Residents in tiny Heron Lake, Minn., were resistant in 2018 when the Minnesota Department of Transportation proposed three intersections restricting the ability to cross Hwy. 60.
The intersections limit points where vehicles could collide by forcing drivers on side roads to turn right, go a short distance down the road, make a U-turn through the median, then loop back to the intersection to continue their trip.
"They are counterintuitive," said Anne Wolff, a MnDOT public engagement coordinator in southern Minnesota. "Something different is hard."

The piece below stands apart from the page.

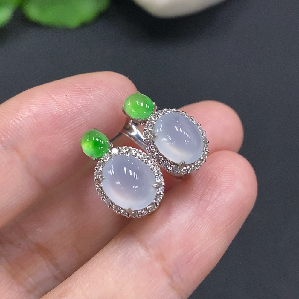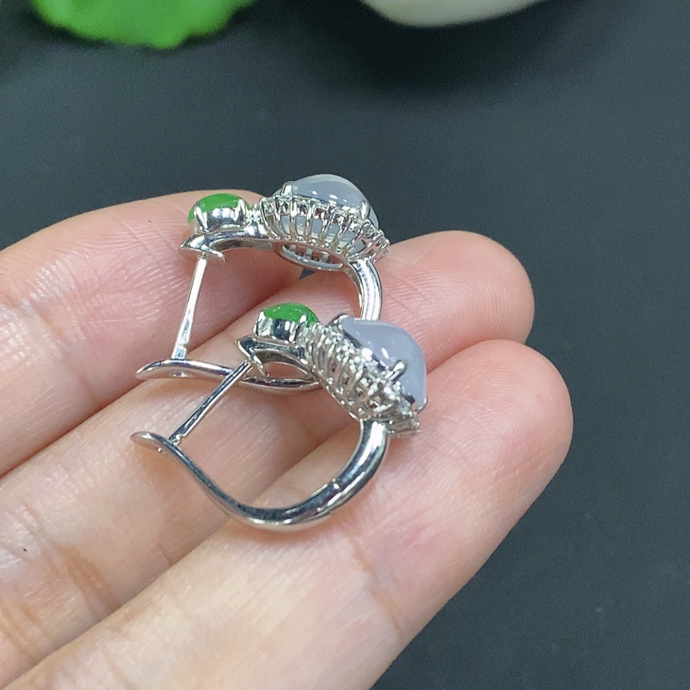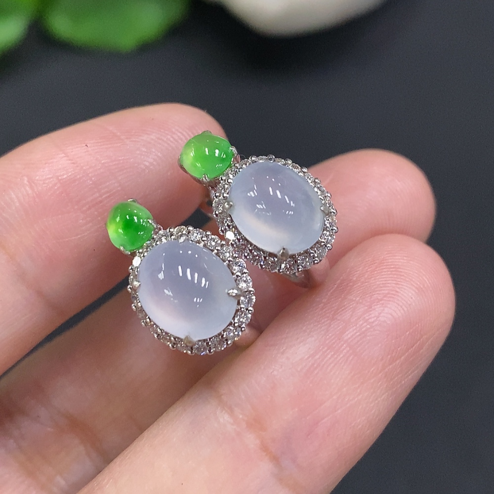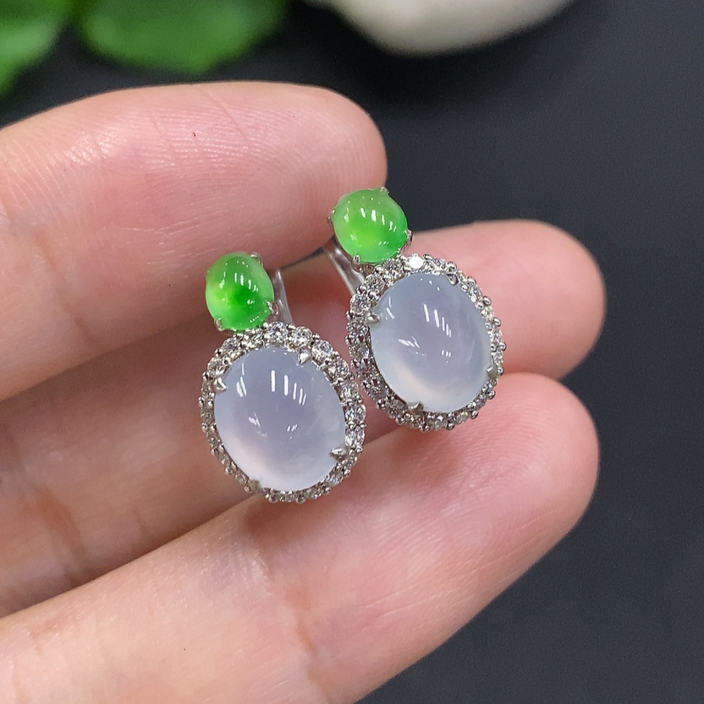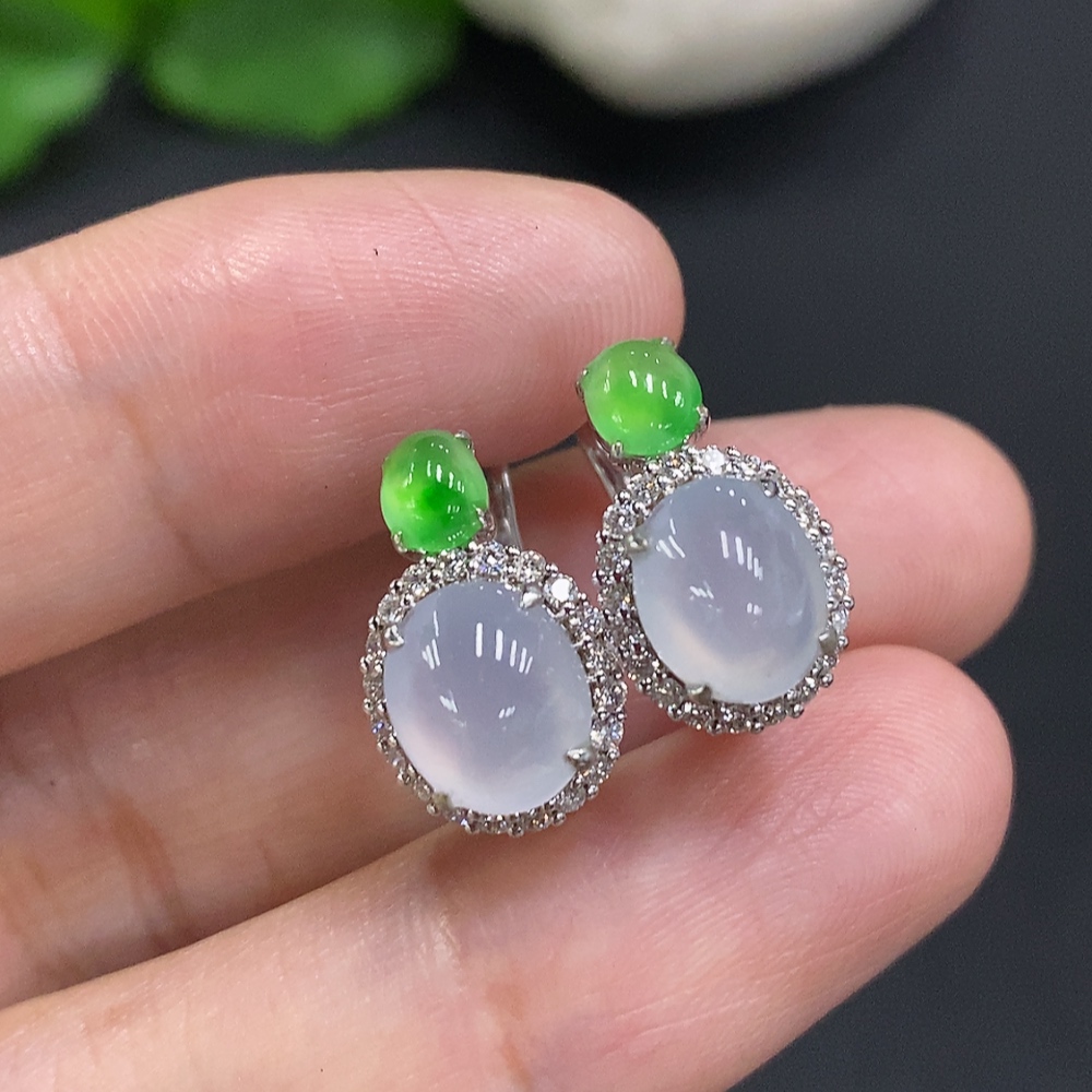 Jadeite Cabochon Earrings with 18k Gold and Diamond Accents, Total Weight Approximately 5.4g
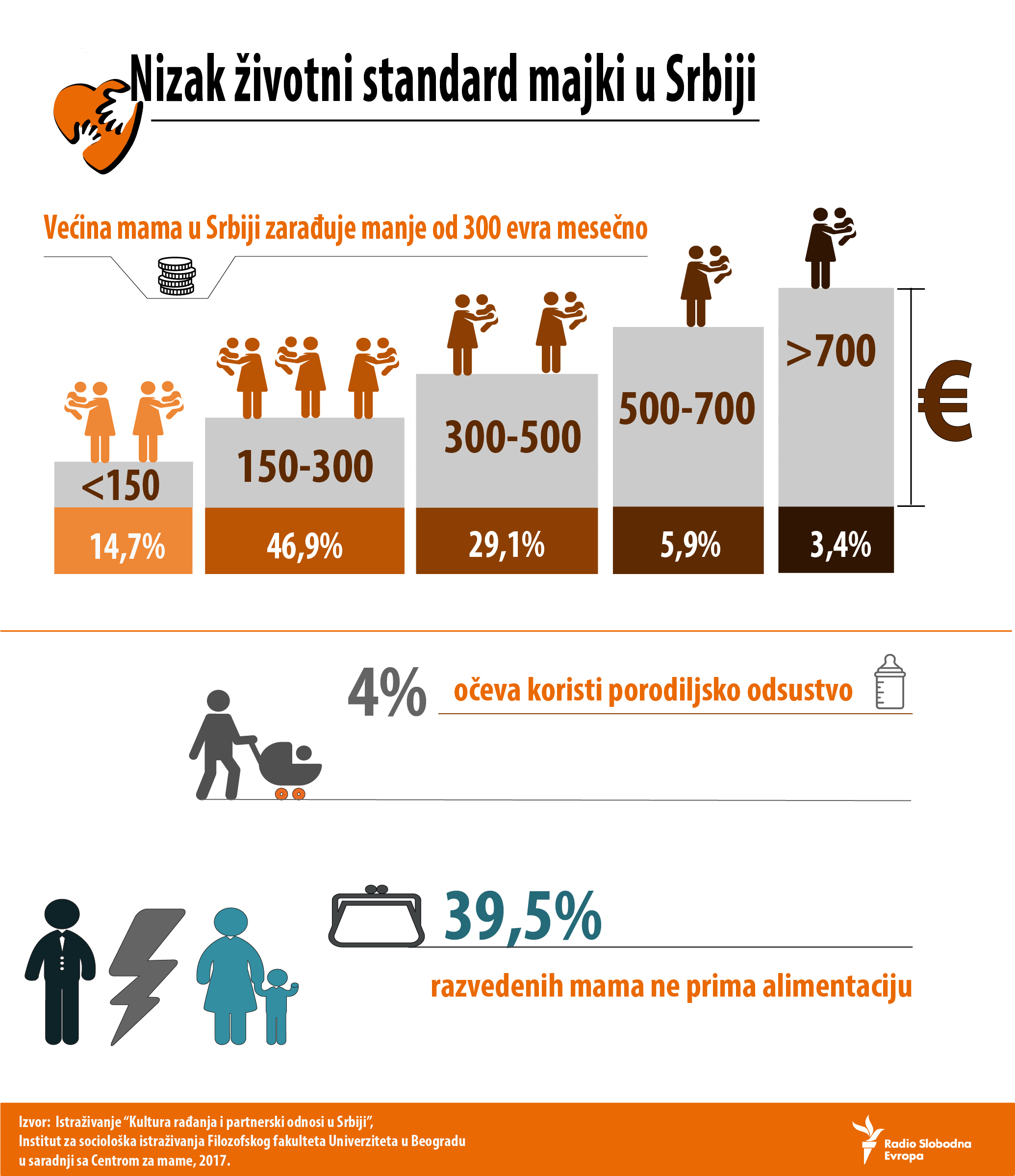 Majke u Srbiji većinom zarađuju manje od 300 evra mesečno, dok gotovo 40% razvedenih mama ne prima alimentaciju. (Sonja Gočanin)

To sell the treatment known as a Restricted Crossing U-Turn Intersection, or J-Turn, the agency built a model. Residents at public meetings could guide a Matchbox-sized car through the design to break down the movements.
Then the agency did something unprecedented: After the intersections were built, MnDOT shut down the highway for a day and allowed residents to drive the intersections with their own vehicles before they officially opened.
"With the hands-on approach, it clicked," Wolff said. "They thought, 'This is not so bad.'"
Minnesota's first J-Turn intersection was built in 2009, and now more than 60 exist statewide with more planned. They have been credited with significantly reducing right-angle crashes resulting in serious injuries and deaths.
At Hwy. 60 and County Road 9 near Heron Lake, only one rear-end crash has occurred since the J-Turn went in. In the 10 years before it was built, the intersection saw 11 crashes resulting in three deaths. A majority were T-bone crashes, MnDOT data show.